• What you should do
Give the listing again word for word. Leave every image out.

• Collected material
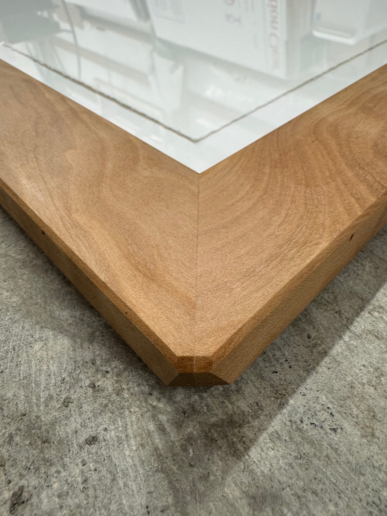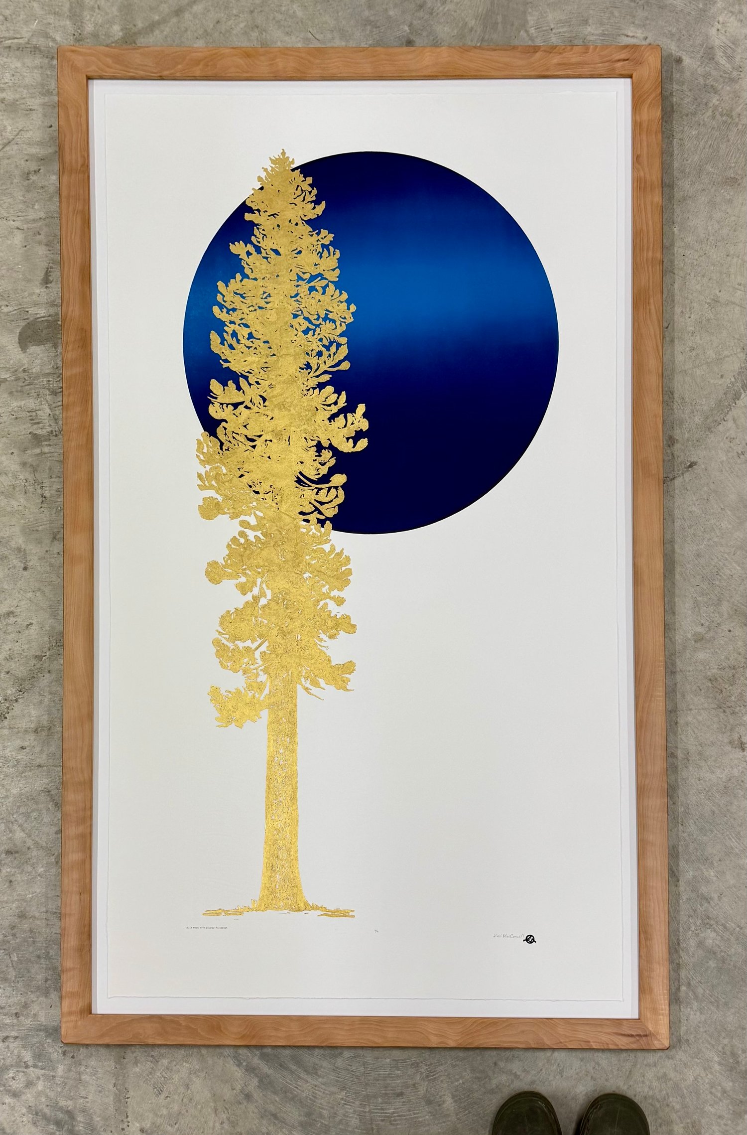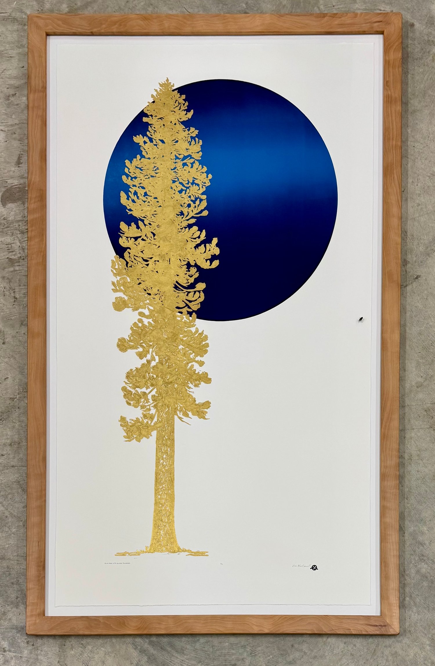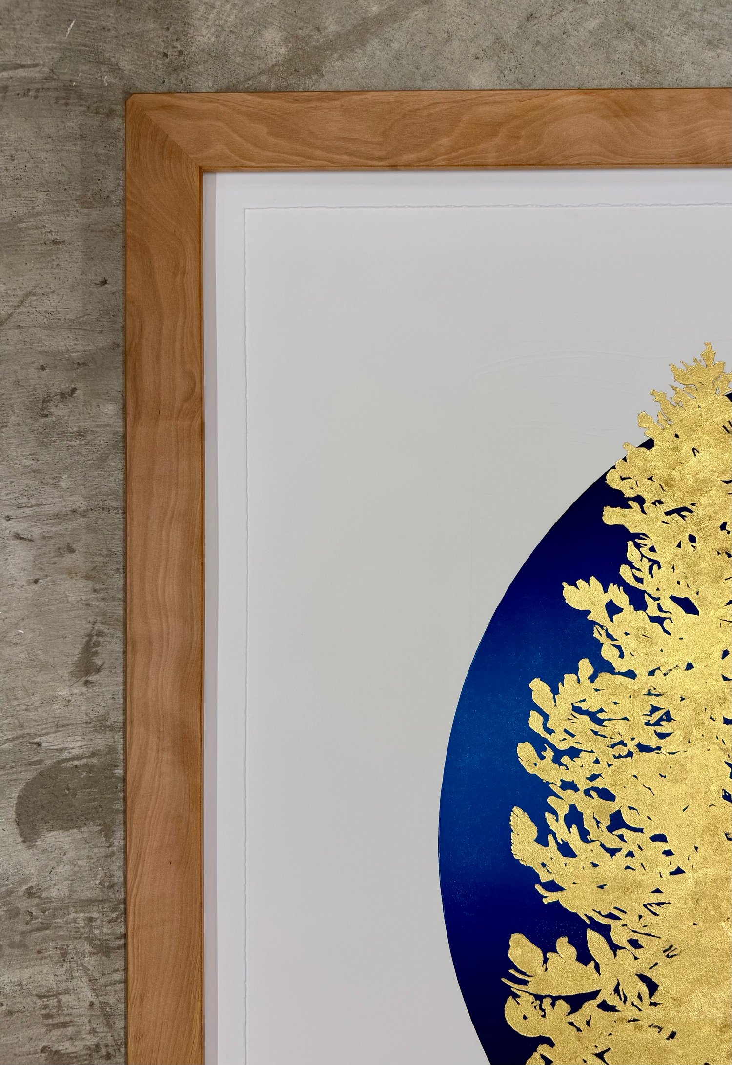 Monotype, 24k gold leaf, hand-pulled linocut print on acid-free cotton rag framed in a handmade madrone frame. The print is archivally framed with TruVue Museum Glass.
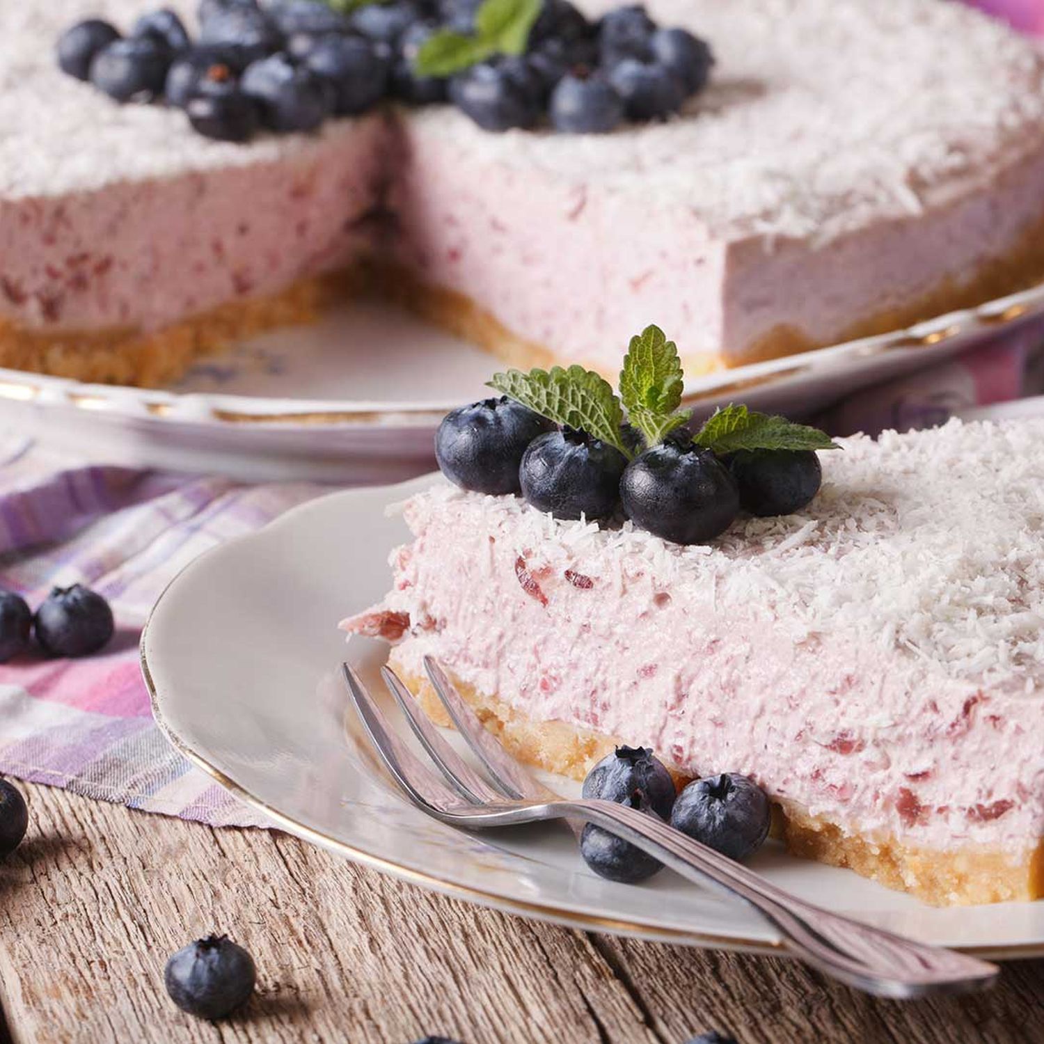 Zuerst die Heidelbeermasse auf den Boden streichen. Danach die helle Masse darauf streichen. Für mindestens 5 Stunden im Kühlschrank fest werden lassen.
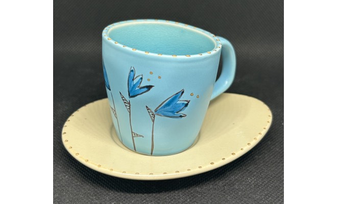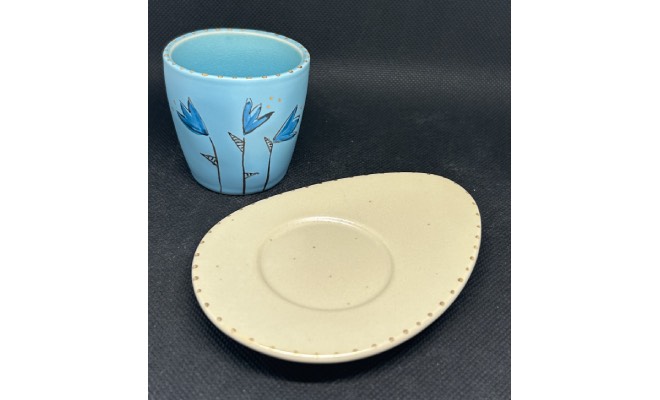 Gedeck aus Keramik, handbemalt frei wie der Pinsel läuft. Die Malerei ist bei 850 Grad spülmaschinenfest eingebrannt.

• Task response
 Monotype, 24k gold leaf, hand-pulled linocut print on acid-free cotton rag framed in a handmade madrone frame. The print is archivally framed with TruVue Museum Glass.
 Zuerst die Heidelbeermasse auf den Boden streichen. Danach die helle Masse darauf streichen. Für mindestens 5 Stunden im Kühlschrank fest werden lassen.
 Gedeck aus Keramik, handbemalt frei wie der Pinsel läuft. Die Malerei ist bei 850 Grad spülmaschinenfest eingebrannt.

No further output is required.